De mon côté je me tâte à le commencer en Espagnol, une langue que je suis loin de maitriser mais qui ne m'est pas non plus étrangère. Affaire à suivre.






Carlos Ruiz Zafon, petit barcelonais cinquantenaire, issu d'un père assureur et d'une mère femme au foyer, grandit dans l'amour des récits, qu'il se fait dans sa tête dès l'enfance. A l'adolescence, il monte un fanzine avec des copains, finalement censuré par le directeur, jugé trop sanglant. 
Cet amour du fantastique et du gothique, le suivra toute sa vie.
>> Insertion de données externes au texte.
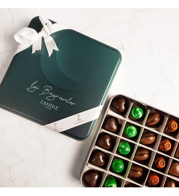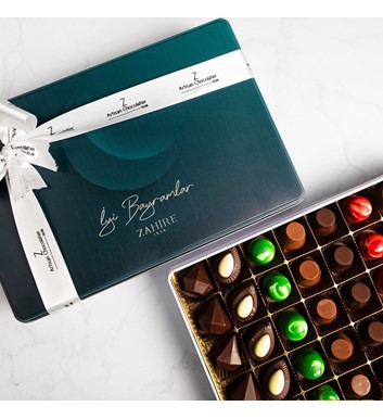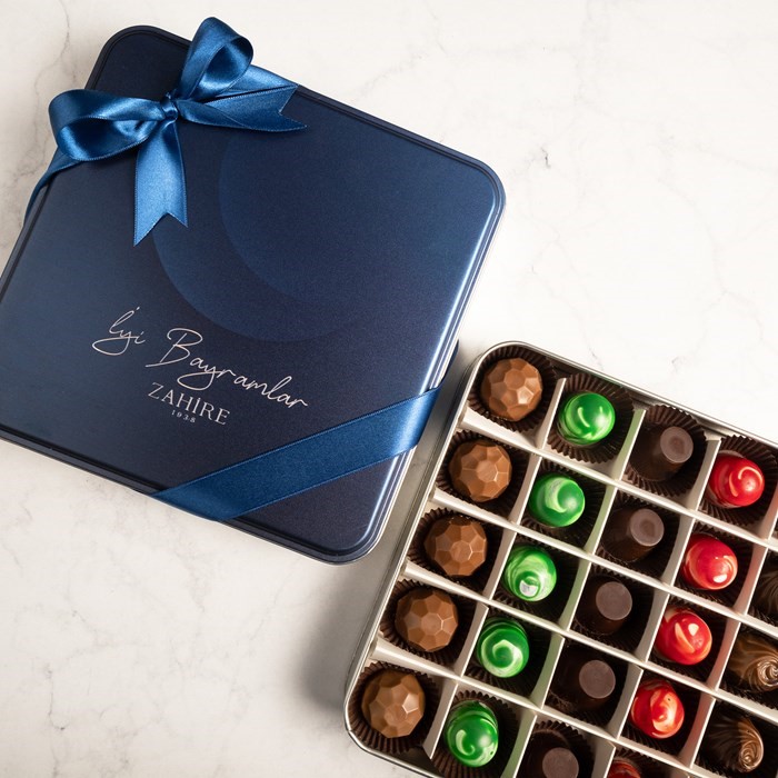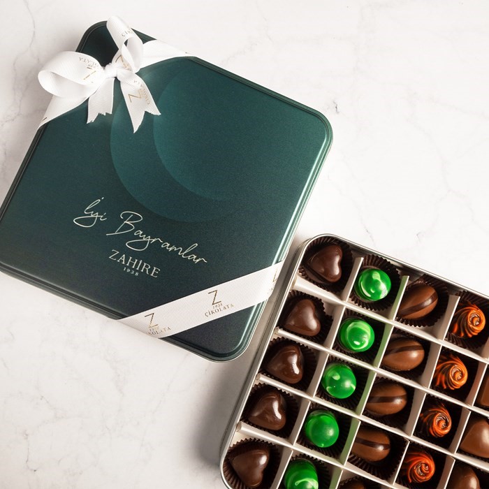 Bayrama özel “İyi Bayramlar” yazılı teneke çikolata kutuları. Yeşil ve mavi renk seçenekleriyle kare ve dikdörtgen formlarda sunulur.

A 14 ans, il écrit un roman de 600 pages, ses premiers essais sérieux d'écriture. Son bac en poche, Zafon se dirige vers la publicité, où il excelle de nombreuses années et connait l'aisance financière. Mais il sent bien que la pub n'est pas vraiment son truc. Il s'essaye à la littérature jeunesse et s'arrête rapidement. Son truc à lui, c'est le roman, clairement. 
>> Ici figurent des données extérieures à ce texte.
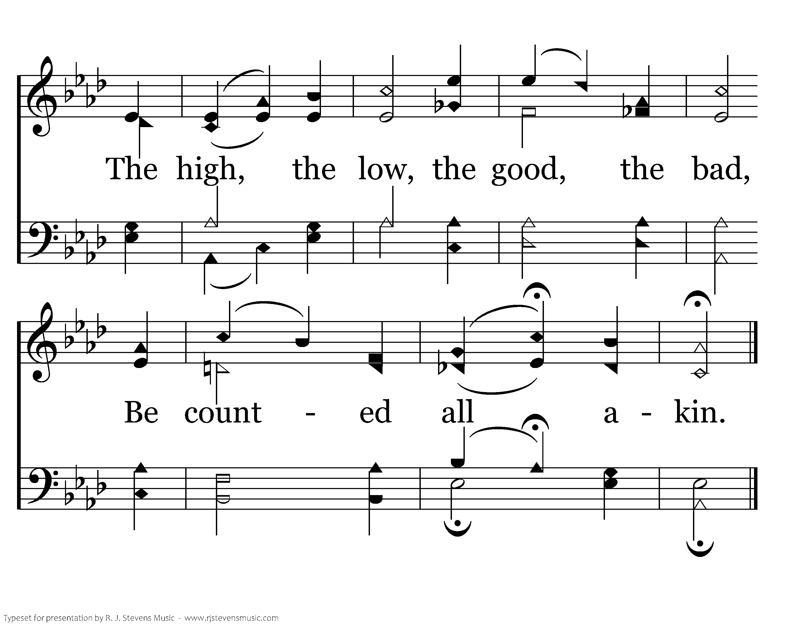 A soul so large that all mankind Can be embrac’d therein; The high, the low, the good, the bad, Be counted all akin.

Sa marque de fabrique ? Cette veine gothique et mystérieuse, qu'on retrouve facilement dans ses romans. 

C'est bel et bien L'ombre du vent et son cycle Le cimetière des livres oubliés qui le propulsent au sommet avec plus de 14 millions de livres vendus en Espagne et dans le monde. L'engouement est sans précédent. Récompensé par de nombreux prix, traduit dans une multitude de langues, Zafon aime à raconter à quel point son premier éditeur n'avait pas parié un sous sur sa pépite, jugée trop peu commerciale. 
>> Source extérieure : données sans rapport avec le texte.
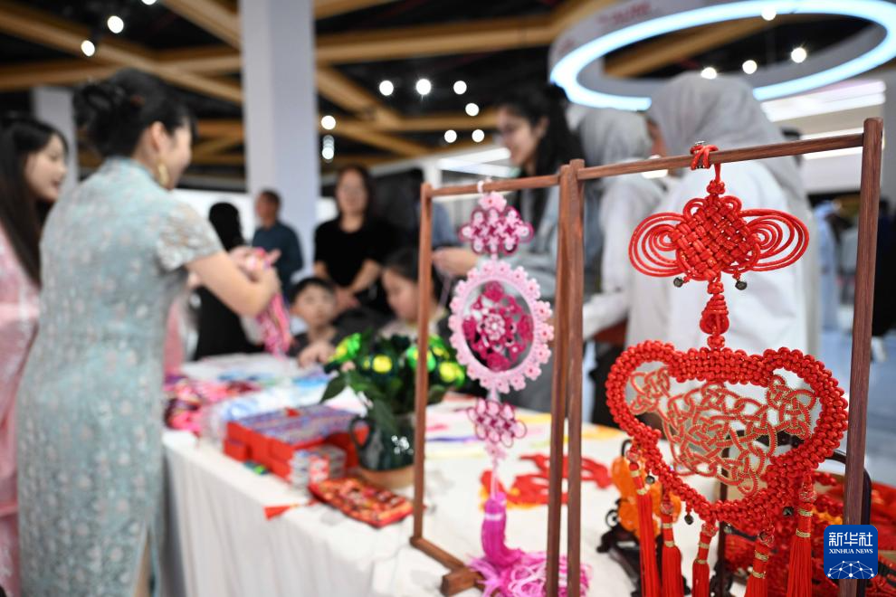 9月3日,人們在科威特艾哈邁迪省舉行的“天涯共此時·湘約中東”文藝演出活動前參觀中國傳統文化展臺。

Désormais auteur à succès, Zafon et sa femme s'installent à Los Angeles, où il s'introduit également scénariste, en parallèle de la rédaction de ses romans. Il partage désormais sa vie entre Barcelone et Beverly Hills. Carlos  Ruiz Zafon est aujourd'hui l'auteur espagnol (encore vivant) le plus lu au monde. 



Si les mots glissent comme sur de la soie et nous plongent dans un bon moment en compagnie des pages de Le prisonnier du ciel, j'ai trouvé le roman inférieur aux précédents, plus en terme de contenu que de qualité. On navigue un peu plus profondément dans cette Barcelone torturée par les années franquistes et la dureté de ses injustices.

Le centrage clair et direct sur les personnages chouchou des deux tomes précédents font de Le prisonnier du ciel le seul roman non indépendant de la trilogie. On ne peut pas vraiment, à mon sens en tous cas, le lire sans avoir au préalable été introduit aux événements de L'ombre du vent et de Le jeu de l'ange. Le prisonnier du ciel est un tome de transition, en somme. Il met le feu aux poudres en lançant un nouveau dynamisme, celui de la vengeance qui est parti pour sévir dans le prochain tome. Moi et je crois bien tous les autres lecteurs, on a foutrement hâte de se procurer Le labyrinthe des esprits.